During the deployment of the Cloud Functions for the ingestion engine, we encountered a 404 Service Account Not Found error. Below is the resolution strategy.

ERROR LOG:

ERROR: (gcloud.functions.deploy) ResponseError: status=[404], code=[], message=[Service account ... was not found.]

Root Cause & Fix:

Service Account Existence: The deployment attempted to use function-sa@mynewsanalyzer-202603142100 which had not been created in the new environment.

Resolution Command:

gcloud iam service-accounts create function-sa \
    --display-name="Cloud Function Service Account" \
    --project=mynewsanalyzer-202603142100

Role Assignment: Assign roles/cloudfunctions.admin and roles/iam.serviceAccountUser to the deployment principal to ensure the resource can be described and deployed.

News Ingestion Engine

The backend implementation utilizes Express.js with Sequelize ORM to manage the multi-threaded ingestion of news from GNews, NewsAPI, and Diffbot.

Core Function: fetchNews()

async function fetchAndNormalize(topic) {
  const gnewsUrl = `https://gnews.io/api/v4/search?q=${topic.keywords}&apikey=${process.env.GNEWS_KEY}`;
  const response = await axios.get(gnewsUrl);
  
  return response.data.articles.map(article => ({
    external_id: article.url, // Unique constraint
    title: article.title,
    content_raw: article.content,
    published_at: new Date(article.publishedAt),
    topic_id: topic.id
  }));
}

Next Steps: Day 7

Day 7 will showcase the Final Application Review, demonstrating the on-device inference latency and classification accuracy.

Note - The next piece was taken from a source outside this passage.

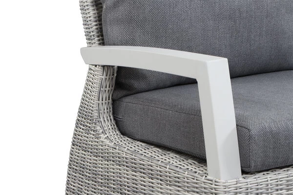 Die verwendeten Materialien sorgen bei Wind und Wetter für den nötigen Schutz. Das Untergestell des 2-Sitzers besteht aus pulverbeschichtetem Aluminium in matt-weiß-grau und macht das Loungesofa nicht nur stabil, sondern sorgt auch dafür, dass es sich aufgrund des relativ geringen Gewichts (ca. 18,4 kg) ganz leicht hin und her stellen lässt. Das Aluminiumgestell wird mit halbrundem GARDINO®-Geflecht aus Polyethylen bespannt. Diese Faser trocknet besonders schnell, ist schmutzunempfindlich und erzeugt mit ihrer natürlichen Optik in „ice grey“ einen edlen und modernen Look, der jeder Gartengestaltung ein besonderes Flair verleiht. Die gemütlichen und pflegeleichten Sitzpolster aus 100 % Polypropylen (280 g/m²), sind farblich passend auf das Geflecht abgestimmt. Bei Verschmutzung können Sie die Bezüge abnehmen und von Hand waschen. Ergänzen Sie das tolle Loungesofa mit den weiteren Möbeln der Serie Corido von SIENA GARDEN. Die große Auswahl macht es Ihnen leicht sich Ihren persönlichen Ruhepol zusammenzustellen. Sie werden sehen, Ihre Wellnessoase zum Durchatmen und Entspannen wird auch die Augen Ihrer Lieben zum Strahlen bringen.

WEEK 10 DAY 07 FINAL PROTOTYPE & SOURCE

Final Prototype & Source Code

The complete codebase and configuration guide for the MyNewsAnalyzer on-device AI platform.

GitLab Repository

Complete Source Code

The MyNewsAnalyzer repository contains the full Flutter application code, the Node.js ingestion engine, and the deployment scripts for the GCP infrastructure.

View on GitLab

Firebase Configuration & Required Files

To protect sensitive keys and project identifiers, certain configuration files are excluded from the repository. Follow these steps to set them up:

firebase_options.dart

Why it's needed: Contains the cross-platform configuration for Android, iOS, and Web. It acts as the bridge between your Flutter code and the Firebase project.

How to setup

Run flutterfire configure in the project root to auto-generate this file.

GoogleService-Info.plist

Why it's needed: iOS-specific configuration required for the Firebase SDK to initialize on Apple devices. Without this, the app will crash on startup.

How to download

Download from Firebase Console -> Project Settings -> Your Apps (iOS Section).

firebase.json

Why it's needed: Directs the Firebase CLI on how to deploy functions, hosting, and security rules. It defines the project's cloud behavior.

How to setup

Generated when you run firebase init. Ensure it points to the correct functions source.